* EXERCISE INSTRUCTIONS:
Each line that includes "steel" must be copied from the records.
__________________________________________________
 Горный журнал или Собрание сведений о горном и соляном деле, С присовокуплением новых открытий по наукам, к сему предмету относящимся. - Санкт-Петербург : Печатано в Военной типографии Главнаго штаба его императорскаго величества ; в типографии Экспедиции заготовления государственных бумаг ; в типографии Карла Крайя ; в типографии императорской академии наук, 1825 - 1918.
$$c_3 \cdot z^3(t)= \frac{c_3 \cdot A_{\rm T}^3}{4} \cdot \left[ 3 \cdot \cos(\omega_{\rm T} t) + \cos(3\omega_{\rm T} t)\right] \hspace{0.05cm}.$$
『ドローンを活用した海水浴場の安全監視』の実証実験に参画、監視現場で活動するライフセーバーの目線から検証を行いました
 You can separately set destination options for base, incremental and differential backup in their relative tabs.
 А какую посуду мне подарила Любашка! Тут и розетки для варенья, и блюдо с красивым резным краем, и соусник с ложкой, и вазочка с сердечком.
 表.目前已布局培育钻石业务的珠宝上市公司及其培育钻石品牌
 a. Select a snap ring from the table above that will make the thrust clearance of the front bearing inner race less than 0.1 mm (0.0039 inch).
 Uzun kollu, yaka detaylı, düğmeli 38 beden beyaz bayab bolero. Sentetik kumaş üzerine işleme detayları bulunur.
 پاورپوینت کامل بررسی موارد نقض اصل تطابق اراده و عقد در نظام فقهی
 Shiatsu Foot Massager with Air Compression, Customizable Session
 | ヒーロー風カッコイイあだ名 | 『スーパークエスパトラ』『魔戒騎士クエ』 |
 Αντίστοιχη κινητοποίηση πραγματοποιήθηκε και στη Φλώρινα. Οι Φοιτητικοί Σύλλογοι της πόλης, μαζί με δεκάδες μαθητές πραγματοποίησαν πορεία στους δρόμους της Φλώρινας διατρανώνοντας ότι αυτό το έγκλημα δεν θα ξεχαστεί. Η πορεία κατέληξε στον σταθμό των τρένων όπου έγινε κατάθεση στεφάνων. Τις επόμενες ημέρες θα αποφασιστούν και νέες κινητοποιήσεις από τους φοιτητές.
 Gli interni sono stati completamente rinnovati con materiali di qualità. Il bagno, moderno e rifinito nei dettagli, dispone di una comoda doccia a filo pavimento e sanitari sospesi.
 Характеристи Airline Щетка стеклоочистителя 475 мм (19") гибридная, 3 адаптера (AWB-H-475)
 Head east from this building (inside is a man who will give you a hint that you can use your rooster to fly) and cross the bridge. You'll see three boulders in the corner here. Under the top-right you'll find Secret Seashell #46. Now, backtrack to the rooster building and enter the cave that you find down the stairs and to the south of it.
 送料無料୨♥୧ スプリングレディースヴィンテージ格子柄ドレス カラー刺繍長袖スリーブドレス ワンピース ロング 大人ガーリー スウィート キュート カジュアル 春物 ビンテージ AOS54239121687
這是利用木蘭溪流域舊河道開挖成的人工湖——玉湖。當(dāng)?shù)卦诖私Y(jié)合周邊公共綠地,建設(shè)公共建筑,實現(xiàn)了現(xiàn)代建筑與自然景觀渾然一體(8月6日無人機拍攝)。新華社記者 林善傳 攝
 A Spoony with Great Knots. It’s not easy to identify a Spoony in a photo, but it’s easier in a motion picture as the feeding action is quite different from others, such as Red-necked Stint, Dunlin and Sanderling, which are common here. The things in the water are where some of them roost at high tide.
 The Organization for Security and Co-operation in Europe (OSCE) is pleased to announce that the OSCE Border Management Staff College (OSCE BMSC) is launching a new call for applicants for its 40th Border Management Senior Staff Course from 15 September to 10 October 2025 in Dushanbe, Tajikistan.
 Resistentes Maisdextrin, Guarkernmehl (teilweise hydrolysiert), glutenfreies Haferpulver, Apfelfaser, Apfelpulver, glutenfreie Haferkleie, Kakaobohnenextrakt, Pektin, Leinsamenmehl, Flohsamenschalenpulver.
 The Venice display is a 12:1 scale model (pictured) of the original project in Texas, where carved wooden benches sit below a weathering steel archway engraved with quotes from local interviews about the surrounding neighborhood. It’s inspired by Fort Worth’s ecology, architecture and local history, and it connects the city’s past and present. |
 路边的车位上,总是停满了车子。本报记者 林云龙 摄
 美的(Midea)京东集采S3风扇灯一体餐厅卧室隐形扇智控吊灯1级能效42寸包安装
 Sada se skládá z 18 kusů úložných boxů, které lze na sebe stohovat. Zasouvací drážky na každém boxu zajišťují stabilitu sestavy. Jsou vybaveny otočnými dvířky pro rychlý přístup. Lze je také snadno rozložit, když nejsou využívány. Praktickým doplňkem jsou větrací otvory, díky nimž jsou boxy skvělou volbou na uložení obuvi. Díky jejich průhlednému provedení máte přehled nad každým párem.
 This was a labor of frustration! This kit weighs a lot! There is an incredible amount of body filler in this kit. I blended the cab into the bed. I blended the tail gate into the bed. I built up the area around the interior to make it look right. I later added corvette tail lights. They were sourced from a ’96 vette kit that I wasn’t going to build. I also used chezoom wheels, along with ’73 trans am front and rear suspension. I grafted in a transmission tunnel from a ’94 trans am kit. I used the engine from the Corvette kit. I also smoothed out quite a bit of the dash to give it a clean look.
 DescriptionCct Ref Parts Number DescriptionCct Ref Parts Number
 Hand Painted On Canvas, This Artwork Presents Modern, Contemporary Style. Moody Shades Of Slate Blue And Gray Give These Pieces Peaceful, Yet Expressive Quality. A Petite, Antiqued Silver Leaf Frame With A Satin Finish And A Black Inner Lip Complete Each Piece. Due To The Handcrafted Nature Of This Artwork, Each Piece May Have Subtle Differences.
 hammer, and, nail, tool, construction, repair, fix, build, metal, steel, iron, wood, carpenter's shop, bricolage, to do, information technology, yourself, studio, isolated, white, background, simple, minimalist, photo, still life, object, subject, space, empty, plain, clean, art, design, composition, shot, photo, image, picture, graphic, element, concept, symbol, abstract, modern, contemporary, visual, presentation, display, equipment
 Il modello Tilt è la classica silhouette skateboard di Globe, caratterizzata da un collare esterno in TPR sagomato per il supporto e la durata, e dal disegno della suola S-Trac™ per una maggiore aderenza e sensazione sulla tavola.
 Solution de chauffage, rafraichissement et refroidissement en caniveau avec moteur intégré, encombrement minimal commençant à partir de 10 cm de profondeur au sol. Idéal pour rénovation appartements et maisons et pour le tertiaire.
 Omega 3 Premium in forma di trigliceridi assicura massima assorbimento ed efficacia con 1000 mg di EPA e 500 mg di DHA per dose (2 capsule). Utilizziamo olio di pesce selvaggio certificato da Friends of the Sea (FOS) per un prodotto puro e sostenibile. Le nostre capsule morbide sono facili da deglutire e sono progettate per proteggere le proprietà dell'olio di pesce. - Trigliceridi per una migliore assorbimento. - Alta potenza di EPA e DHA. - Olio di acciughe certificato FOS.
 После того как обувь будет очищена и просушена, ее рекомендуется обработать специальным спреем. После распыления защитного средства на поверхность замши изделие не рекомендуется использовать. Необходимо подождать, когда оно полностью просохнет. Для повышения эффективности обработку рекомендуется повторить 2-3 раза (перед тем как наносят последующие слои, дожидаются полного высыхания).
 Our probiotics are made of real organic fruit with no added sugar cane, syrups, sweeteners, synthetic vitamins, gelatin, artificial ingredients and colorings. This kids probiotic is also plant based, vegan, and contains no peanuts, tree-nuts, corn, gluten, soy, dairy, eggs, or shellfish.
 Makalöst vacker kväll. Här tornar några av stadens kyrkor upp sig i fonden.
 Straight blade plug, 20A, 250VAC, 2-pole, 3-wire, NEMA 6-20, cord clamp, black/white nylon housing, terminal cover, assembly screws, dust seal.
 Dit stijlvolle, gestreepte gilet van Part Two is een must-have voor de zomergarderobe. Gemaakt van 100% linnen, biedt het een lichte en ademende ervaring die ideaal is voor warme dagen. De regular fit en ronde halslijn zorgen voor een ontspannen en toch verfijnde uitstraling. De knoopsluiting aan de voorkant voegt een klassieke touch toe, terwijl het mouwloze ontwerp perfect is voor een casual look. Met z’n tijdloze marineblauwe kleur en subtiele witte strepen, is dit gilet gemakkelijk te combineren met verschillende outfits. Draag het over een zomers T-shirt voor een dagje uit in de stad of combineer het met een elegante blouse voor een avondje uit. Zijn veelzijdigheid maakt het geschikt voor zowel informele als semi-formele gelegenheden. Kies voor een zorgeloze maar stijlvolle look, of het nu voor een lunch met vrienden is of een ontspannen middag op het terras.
__________________________________________________
* OUTPUT FOR THIS EXERCISE:
 The Venice display is a 12:1 scale model (pictured) of the original project in Texas, where carved wooden benches sit below a weathering steel archway engraved with quotes from local interviews about the surrounding neighborhood. It’s inspired by Fort Worth’s ecology, architecture and local history, and it connects the city’s past and present. |
 hammer, and, nail, tool, construction, repair, fix, build, metal, steel, iron, wood, carpenter's shop, bricolage, to do, information technology, yourself, studio, isolated, white, background, simple, minimalist, photo, still life, object, subject, space, empty, plain, clean, art, design, composition, shot, photo, image, picture, graphic, element, concept, symbol, abstract, modern, contemporary, visual, presentation, display, equipment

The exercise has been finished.